In the entries below, find the line with "Por el tipo" and the line with "Blick auf Garten/Park". Return those two lines and all lines between them, exactly.

Source records below:

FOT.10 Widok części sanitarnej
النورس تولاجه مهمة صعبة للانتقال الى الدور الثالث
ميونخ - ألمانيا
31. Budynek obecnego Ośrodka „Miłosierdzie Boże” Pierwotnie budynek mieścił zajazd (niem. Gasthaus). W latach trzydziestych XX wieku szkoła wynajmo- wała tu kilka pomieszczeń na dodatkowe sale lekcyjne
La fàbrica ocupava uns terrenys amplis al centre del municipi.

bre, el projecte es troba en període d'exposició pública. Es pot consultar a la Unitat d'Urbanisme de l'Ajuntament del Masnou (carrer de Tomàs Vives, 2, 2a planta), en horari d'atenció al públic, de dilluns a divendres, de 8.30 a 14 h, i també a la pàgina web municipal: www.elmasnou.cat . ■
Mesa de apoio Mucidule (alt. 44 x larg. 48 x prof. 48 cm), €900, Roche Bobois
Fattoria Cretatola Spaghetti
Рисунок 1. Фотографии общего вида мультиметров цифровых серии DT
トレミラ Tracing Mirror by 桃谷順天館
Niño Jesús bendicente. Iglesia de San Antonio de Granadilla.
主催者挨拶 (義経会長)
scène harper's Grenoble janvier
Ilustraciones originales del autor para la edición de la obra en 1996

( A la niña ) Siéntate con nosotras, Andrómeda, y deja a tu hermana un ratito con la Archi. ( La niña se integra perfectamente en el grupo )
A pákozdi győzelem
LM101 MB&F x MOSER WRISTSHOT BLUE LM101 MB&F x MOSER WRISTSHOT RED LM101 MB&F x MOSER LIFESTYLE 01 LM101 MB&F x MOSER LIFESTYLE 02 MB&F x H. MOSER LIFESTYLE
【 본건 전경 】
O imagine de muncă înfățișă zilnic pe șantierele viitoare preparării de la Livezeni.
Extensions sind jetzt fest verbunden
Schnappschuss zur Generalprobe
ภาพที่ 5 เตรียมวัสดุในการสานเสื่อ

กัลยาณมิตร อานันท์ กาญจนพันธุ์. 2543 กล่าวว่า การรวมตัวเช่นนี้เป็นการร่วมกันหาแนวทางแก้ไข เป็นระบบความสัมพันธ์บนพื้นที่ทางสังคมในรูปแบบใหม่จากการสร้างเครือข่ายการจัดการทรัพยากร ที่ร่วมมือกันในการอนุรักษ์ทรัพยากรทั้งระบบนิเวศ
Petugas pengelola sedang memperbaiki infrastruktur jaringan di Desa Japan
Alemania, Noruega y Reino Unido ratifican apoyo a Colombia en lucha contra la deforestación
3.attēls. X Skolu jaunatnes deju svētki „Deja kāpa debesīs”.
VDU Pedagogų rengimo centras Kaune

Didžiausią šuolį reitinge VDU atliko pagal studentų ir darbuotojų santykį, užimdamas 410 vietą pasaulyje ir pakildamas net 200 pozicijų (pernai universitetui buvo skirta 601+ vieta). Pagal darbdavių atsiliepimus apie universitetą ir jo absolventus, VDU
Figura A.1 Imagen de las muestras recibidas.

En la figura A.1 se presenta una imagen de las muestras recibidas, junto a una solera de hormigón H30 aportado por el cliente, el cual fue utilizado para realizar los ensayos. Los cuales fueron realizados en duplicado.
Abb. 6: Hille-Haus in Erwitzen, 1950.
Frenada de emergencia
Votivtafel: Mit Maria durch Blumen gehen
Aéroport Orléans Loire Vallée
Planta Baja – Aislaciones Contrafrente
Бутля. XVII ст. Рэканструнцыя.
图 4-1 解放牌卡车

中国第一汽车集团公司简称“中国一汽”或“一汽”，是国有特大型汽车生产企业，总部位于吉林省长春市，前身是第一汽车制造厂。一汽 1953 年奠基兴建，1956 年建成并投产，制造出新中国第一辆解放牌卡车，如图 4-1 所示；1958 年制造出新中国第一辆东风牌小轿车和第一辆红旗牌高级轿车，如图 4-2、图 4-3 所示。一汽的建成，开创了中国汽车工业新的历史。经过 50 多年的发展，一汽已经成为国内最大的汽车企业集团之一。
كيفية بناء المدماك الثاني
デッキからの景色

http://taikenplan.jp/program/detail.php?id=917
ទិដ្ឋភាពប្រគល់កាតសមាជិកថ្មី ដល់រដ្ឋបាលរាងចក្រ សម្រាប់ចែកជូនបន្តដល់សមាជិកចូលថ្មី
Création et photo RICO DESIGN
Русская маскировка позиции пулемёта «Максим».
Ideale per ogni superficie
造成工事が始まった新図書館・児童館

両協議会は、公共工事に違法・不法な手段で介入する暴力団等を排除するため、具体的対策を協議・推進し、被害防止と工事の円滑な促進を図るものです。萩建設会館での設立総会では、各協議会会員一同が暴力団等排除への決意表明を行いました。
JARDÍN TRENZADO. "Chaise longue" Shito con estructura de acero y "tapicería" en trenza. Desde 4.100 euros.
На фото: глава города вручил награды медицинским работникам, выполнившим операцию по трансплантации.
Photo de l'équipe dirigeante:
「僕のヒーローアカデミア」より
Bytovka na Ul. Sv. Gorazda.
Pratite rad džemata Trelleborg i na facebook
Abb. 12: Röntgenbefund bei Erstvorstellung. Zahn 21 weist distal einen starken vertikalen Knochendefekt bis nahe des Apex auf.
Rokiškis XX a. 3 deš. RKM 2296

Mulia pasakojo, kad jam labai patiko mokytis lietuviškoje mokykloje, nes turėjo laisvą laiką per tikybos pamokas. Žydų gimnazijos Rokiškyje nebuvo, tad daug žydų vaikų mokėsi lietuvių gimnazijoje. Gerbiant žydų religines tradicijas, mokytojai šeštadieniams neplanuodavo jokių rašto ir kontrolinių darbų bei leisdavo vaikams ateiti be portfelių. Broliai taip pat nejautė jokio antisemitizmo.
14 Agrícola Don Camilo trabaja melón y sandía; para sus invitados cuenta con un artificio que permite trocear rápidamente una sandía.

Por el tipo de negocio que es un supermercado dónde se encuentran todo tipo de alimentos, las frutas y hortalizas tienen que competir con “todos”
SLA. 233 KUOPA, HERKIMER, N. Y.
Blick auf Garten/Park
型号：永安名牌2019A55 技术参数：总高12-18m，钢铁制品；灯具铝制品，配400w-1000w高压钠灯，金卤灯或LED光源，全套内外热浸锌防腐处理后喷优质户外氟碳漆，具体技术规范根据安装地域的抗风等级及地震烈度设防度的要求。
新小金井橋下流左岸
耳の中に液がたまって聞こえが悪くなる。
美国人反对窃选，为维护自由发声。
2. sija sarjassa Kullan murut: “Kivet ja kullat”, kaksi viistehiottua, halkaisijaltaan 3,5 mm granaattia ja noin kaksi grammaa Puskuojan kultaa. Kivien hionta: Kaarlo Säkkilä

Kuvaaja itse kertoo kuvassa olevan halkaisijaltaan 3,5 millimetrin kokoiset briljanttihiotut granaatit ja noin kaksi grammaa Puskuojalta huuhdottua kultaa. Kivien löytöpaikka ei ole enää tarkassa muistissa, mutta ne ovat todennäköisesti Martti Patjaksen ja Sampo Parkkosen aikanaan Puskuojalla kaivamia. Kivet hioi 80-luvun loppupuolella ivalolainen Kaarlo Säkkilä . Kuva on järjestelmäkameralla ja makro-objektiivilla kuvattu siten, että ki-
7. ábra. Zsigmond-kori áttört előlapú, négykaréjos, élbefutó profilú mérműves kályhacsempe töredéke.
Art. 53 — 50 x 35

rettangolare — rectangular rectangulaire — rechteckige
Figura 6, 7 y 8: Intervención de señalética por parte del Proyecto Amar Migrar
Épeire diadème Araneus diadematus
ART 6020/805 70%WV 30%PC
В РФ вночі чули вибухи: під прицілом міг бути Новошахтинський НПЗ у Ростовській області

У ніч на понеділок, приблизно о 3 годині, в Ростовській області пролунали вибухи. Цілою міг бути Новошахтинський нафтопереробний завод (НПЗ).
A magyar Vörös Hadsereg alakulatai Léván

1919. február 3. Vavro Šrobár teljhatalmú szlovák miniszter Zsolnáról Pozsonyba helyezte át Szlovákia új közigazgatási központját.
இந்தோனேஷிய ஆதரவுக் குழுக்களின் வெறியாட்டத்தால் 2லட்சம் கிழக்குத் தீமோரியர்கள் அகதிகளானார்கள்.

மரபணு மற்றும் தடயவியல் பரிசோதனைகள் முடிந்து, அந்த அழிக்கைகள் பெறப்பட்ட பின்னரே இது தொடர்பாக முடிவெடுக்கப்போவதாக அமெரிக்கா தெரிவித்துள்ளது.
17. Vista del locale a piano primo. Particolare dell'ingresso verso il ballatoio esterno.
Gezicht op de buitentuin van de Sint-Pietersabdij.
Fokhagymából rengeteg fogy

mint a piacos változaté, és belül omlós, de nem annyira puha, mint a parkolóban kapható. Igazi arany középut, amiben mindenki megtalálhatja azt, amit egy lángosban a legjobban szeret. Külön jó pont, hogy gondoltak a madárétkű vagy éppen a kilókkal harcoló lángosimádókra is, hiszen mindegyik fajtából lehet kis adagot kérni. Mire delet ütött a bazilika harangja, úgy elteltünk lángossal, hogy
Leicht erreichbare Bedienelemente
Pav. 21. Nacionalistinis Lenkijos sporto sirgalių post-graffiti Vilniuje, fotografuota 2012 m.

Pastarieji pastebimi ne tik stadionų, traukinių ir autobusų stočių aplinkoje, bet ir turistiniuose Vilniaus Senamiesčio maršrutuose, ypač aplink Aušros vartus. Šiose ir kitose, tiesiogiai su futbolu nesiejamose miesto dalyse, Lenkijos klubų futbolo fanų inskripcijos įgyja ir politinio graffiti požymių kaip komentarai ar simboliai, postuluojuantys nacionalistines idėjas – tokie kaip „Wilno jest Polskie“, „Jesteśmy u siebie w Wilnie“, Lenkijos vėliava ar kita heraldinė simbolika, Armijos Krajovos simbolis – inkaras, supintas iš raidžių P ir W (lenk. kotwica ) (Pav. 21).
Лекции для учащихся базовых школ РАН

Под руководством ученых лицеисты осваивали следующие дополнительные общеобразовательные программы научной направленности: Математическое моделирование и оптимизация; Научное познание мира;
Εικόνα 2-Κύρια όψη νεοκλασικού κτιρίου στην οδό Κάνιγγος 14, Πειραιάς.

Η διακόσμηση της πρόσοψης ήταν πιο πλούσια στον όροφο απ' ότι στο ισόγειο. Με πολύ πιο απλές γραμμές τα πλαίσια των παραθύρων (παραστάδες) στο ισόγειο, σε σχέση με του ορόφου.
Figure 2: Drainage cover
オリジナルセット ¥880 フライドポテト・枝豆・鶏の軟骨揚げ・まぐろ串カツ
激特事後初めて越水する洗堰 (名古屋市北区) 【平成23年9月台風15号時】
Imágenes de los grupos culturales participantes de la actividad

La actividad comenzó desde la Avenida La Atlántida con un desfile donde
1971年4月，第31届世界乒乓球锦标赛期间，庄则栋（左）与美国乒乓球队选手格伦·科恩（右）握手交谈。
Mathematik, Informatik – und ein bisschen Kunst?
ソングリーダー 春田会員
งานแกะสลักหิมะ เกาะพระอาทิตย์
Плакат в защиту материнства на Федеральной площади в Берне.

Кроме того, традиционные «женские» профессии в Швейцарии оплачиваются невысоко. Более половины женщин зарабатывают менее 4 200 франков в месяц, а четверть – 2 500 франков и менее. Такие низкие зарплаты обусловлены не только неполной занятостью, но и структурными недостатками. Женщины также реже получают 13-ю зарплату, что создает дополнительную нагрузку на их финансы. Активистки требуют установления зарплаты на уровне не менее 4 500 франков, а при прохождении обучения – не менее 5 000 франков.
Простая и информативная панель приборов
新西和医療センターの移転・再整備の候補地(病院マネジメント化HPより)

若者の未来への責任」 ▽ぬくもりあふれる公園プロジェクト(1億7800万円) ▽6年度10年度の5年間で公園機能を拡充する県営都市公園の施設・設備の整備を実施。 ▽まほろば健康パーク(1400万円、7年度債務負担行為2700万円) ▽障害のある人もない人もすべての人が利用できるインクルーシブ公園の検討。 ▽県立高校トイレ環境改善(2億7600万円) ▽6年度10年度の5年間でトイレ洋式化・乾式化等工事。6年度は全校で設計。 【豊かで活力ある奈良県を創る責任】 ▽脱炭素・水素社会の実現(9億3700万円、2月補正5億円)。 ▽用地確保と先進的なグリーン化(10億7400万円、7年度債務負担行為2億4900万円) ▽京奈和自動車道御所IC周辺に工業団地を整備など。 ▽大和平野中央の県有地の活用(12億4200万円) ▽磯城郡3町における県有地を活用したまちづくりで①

End of Source records.

▸ Exercise output
Por el tipo de negocio que es un supermercado dónde se encuentran todo tipo de alimentos, las frutas y hortalizas tienen que competir con “todos”
SLA. 233 KUOPA, HERKIMER, N. Y.
Blick auf Garten/Park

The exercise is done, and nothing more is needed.